In a book that’s more evolution than revolution, Steve Turnbull finds a balanced analysis of edtech’s true potential
As teachers everywhere turn to online learning for solutions to the problems posed by the coronavirus crisis, this book is certainly timely. But does it deliver on its promise to provide a positive vision for educational technology?
The answer is a qualified yes.
You should never judge a book by its cover, but this one is strangely reminiscent of a Russian revolutionary poster. You can almost hear the rallying cry over the smartphone-clutching hand: “Children of the world unite! You have nothing to lose but your teachers!” By contrast, its content is measured and academic, and it is firmly grounded in an evidence-based, teacher-led and knowledge-driven approach. The insurrection implied by its cover and title, it turns out, is more evolution than revolution.
Despite the irritatingly binary Teachers vs Tech? title, Christodoulou’s third book is concerned with avoiding the utopian/dystopian polarisation that has dogged the edtech debate for generations. Hence, neither chalk-stained traditionalists nor gadget-obsessed techno-evangelists (among whose number I once counted) will find validation in its pages.
Given that Christodoulou’s first book, Seven Myths About Education, sent shockwaves through the educational mainstream – alienating swathes of more progressive-minded teachers in the process – many might be sceptical of the book’s intent. Yet it is a balanced piece of work that argues strongly for technology’s potential to improve learning, as long as we get the pedagogy right. And there’s no denying the author has done her homework. Drawing extensively on relevant studies, this is a well-researched book that makes excellent use of anecdotes, examples and Oliver Caviglioli’s always precise graphics to explain and summarise key points.
The book actively makes the case that learning can and should be fun
Rightly, Christodoulou questions from the outset the education sector’s huge investments in yet minimal returns from learning technologies. Much of this, she argues, is down to faddish, pseudo-scientific thinking, which stems from a simple-yet-difficult-to-displace “bad idea”: the notion that technology has intrinsic power. In reality, says Christodoulou, teachers have proven as susceptible to a baseless gimmick as the so-called digital-native children they teach.
So how should we guard against these tendencies and ensure our use of edtech is sound? The answer, the author contends, is cognitive science. In recent years, this discipline has begun to shine a powerful light on how the brain learns, illuminating in particular the key areas of short- and long-term memory and cognitive load, and undermining those who would have us “just Google it”. Curiously, however, the book neglects the concept of schema when discussing cognitive architecture and knowledge building.
More significantly, it is questionable whether the science is as settled as Christodoulou claims, not least because the concepts of constructivism and cognitive load are difficult to define and test empirically. Furthermore, many practitioners (among whose numbers I also once counted), effectively blend inquiry-based learning and direct instruction within a carefully scaffolded and differentiated framework. They will be hard-pushed to disbelieve their own experiences, and will find support in Paul Kirschner’s foreword to this book, which includes project-based and collaborative learning in the teacher’s skillset.
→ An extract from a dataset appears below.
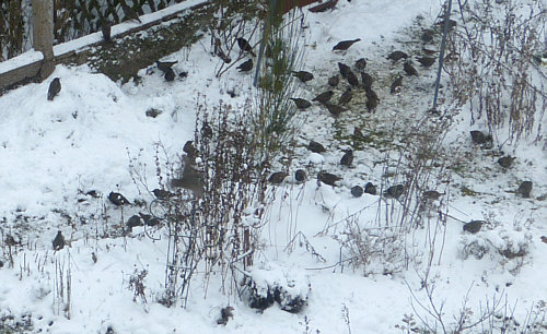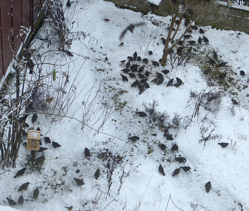 Ich würde die nicht füttern ... aber Beate sagt "es wird niemand ausgegrenzt ... wenn ich Spatzen, Meisen etc. füttere, kann ich die Stare nicht hungern lassen ... bei mir bekommen alle etwas, es kommt keiner zu kurz" und "es gibt sonstwo immer weniger zu essen für die Vögel, weil es immer weniger Gärten gibt und immer mehr Steine und kaum jemand die Vögel füttert" ... und so sind halt die wenigen guten Futterquellen immer besser besucht. Außerdem füttert Beate gutes handgemachtes Futter und nicht die oft bescheidene Qualität, die im Handel angeboten wird.

Having said that, the book actively makes the case that learning can and should be fun as well as challenging, and shows edtech’s potential to diversify the teacher’s toolbox well beyond quizzing apps and visualisers. Both aspects are refreshing.
The most interesting sections, bearing in mind the increasing influence of artificial intelligence in the educational landscape, are undoubtedly the chapters exploring personalisation (or “individualised instruction”) and the use of adaptive/algorithmic learning systems for assessment. Christodoulou has clearly drawn fruitfully here on her background as a “disruptive” edtech entrepreneur herself, explaining different strategies and evaluating their potential.
However, for me, the author’s strict stance on banning students’ digital devices from classrooms undermines the book’s otherwise balanced approach. And on a purely practical level, the lack of index and very slight glossary make it harder to navigate.
Ultimately, as the conclusion makes clear, “what works” with technology as with everything else in education is relative to pedagogical purpose. It would be wise, then, to approach the book from a critical perspective and test its claims out rigorously. That’s how evolution happens, after all.